Шрифт:
Интервал:
Закладка:
— Доницетти сошел с ума, но написал «Лючию» и «Дона Паскуале», «Любовный напиток»… Ваш Сметана «Мое отечество», Франсуа Вийон — свои «Баллады», Уайльд — «Дориана Грея»… А что сделали эти? Ничего, кроме того, что ходят по городу, следят, упиваются тем, что сидят в кабинетах и принимают беженцев, умеют угрожать и арестовывать, но этого мало. Этого плачевно мало для людей. Я готов биться об заклад, что в их душе никогда не звучала ни одна высокая струна, они не имеют даже малейшего представления о ее существовании, убежден, что они никогда не мечтали… Может, они слышат другие струны? Те, темные… Но, — сказал он вдруг и немного жалобно, будто хотел остановить себя, — но, может, я на них немного клевещу? Может, я ошибаюсь? Может, я ошибаюсь? Если это так, то я был бы счастлив. Возможно, что я ошибаюсь.
Потом он сказал:
— Когда я ходил еще в школу, был в твоем возрасте, мне даже во сне не снилось, что настанет день и я потеряю родину. Что мне придется бежать из своего отечества, что едва ли мне удастся осесть в каком-нибудь другом государстве, что я буду должен бежать дальше, переезжать из страны в страну, бродить по белу свету. Пока человек маленький, ему такое даже в голову не приходит, он даже не думает об этом. Но это, к сожалению, так. Человек, словно пилигрим, — путь его бесконечен. Человек — вечный беглец, вечный беженец. Но хуже всего потерять родину, потерять свою землю, свой край, где ты родился, пустил корни, утратить все то, чем ты жил, дышал, что давало тебе возможность творчества и чего нельзя лишить живое существо. Некоторые этого не понимают. Наверное, потому, что никогда ничего не чувствовали. Такие вот полицейские… — Он легко поднял руку, в которой держал свернутую газету. — Хотя эти, возможно, совсем уж не такие плохие. Может, они мирные отцы семейств, которые не смогли бы кого-нибудь обидеть. Ваша полиция, впрочем, разумная и человечная, насколько об этом можно вообще говорить, у вас демократическое государство, я встречался с несколькими высокопоставленными господами, и это были выдающиеся люди… Те, которые сейчас идут сюда, к нам, совсем мне не угрожают. Мне грозит гораздо большая опасность от других, от тех, которые еще могут прийти. Возможно, многие из них уже здесь, они ходят в штатском, скрыто, может, они давно уже здесь, целых два десятка лет, сидят по учреждениям, в кабинетах, где-нибудь невзначай сторожат… Но когда они за мной придут и схватят меня, я пойду, у меня будет по крайней мере сознание, что я должен был это сделать. Что меня заставили. Что они сильнее меня. Что у них оружие. Что начало насилию положил не я, что добровольно я не уступил насилию…

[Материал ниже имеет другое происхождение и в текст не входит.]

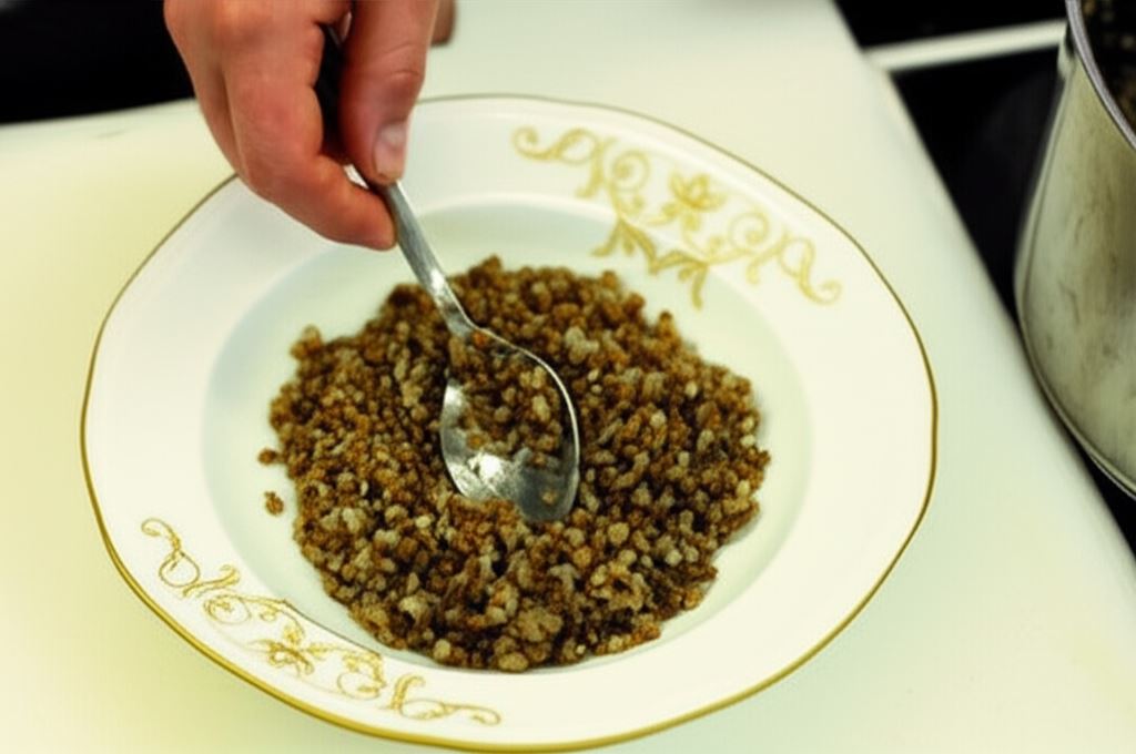Ta wersja gulaszu różni się od tradycyjnej węgierskiej potrawy. Sekret tkwi w połączeniu z kaszą gryczaną, której charakterystyczny, intensywny smak doskonale komponuje się z aromatycznym sosem. To właśnie na niej układamy soczyste mięso, tworząc harmonijne połączenie smaków.

— Но почему они должны за вами прийти, — воскликнул я совсем испуганно, — почему и кто может сюда прийти?
— Почему и кто… — усмехнулся он снисходительно. — Ты знаешь о нюрнбергских законах, знаешь, что происходит в Германии, а теперь уже и в Австрии и в Судетах. Ко мне тоже относятся нюрнбергские законы. Ко мне они имеют прямое отношение! — сказал он и вдруг снова посмотрел на часы… А потом остался неподвижно сидеть, уставившись в пустоту.
Полицейские шли мимо нас неторопливой походкой, шли как два существа иного мира, с саблями и в шлемах, но на нас они даже не смотрели. Или притворялись, что не смотрят, хотя не смотрели на нас, но видели нас хорошо. Они обошли остальную часть пространства вокруг памятника и незаметно исчезли на дороге, которая вела туда, где летом был ковер из цветов и красивые розы.
— Но ведь это в Германии и в Австрии, где Гитлер, — сказал я быстро, — у нас ведь нет!
Он посмотрел на хвою вокруг памятника и покачал головой.
— Идут за мной, — сказал он.
А потом развернул газету, которую держал на коленях, и показал на страницу, где была длинная статья с фотографией какого-то мужчины во фраке, стоящего перед оркестром за дирижерским пультом… Я сразу же его узнал. Я поднял на него горевшие от изумления глаза.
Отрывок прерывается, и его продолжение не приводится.